I saw a young man walking seven dogs at once, all sizes, in Riverside Park at lunch today, where I went to go read. The picture will not do it justice, as I could not get close enough. They came upon a woman walking one small dog. She stopped the man with a cheery, "Hel-Loooooo!" Whether she was saying this because she knew him, or because he had seven cute dogs, I don't know. The seven dogs immediately surrounded her one dog, with much gusto.
I was taking a quick break, having finished lunch at my desk and about to embark upon a serious editing job for the early afternoon. I am nervous about calling my sponsor, as she is rather unresponsive, including not answering e-mail. I don't know wht I'm supposed to be doing in this relationship. I still like her, though, and want to stick it out, at least for a while.
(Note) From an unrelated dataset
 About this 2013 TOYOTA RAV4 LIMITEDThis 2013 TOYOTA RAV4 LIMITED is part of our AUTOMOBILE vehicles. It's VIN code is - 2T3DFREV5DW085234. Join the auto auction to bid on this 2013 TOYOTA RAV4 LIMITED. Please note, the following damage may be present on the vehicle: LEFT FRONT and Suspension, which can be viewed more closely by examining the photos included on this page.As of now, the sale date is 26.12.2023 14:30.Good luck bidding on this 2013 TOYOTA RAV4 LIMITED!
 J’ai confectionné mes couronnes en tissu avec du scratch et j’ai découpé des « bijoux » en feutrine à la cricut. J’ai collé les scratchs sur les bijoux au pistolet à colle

I am thinking about what I want to say on my other blog about the scene. I'm faced with another OTK night at the club, where I will have to confront certain people, nip things in the bud. But how? Should I be more, or less, concerned about hurting feelings? Should I be less concerned about attraction (my attraction to someone else)? With certain male subs it feels natural and appealing. Like with Todd, who responds very well to what I do, and can take a lot. But yet, to maintain that attitude is hard. (THAT would be good to write about). I am not always in that head space, and have to step into it.
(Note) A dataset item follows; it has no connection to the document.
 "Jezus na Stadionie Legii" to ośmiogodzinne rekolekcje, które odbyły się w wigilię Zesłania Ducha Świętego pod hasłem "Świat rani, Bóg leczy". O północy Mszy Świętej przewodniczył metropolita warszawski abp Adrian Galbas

Speaking of certain head spaces, where are the doms who can step in and handle me? There is an ache that I suppress sometimes. I'm tired of supplicants. I want a man who knows he is a man. (by the way, just so we are clear, my husband is one, and pretty much the only one who can give me what I need lately.) At Shadow Lane there will be others.
Hey, check out these new-fangled shopping baskets that you can PULL like a carry-on bag. Found these in the Morton Williams Supermarket on Broadway between 115th and 116th. Pretty awesome!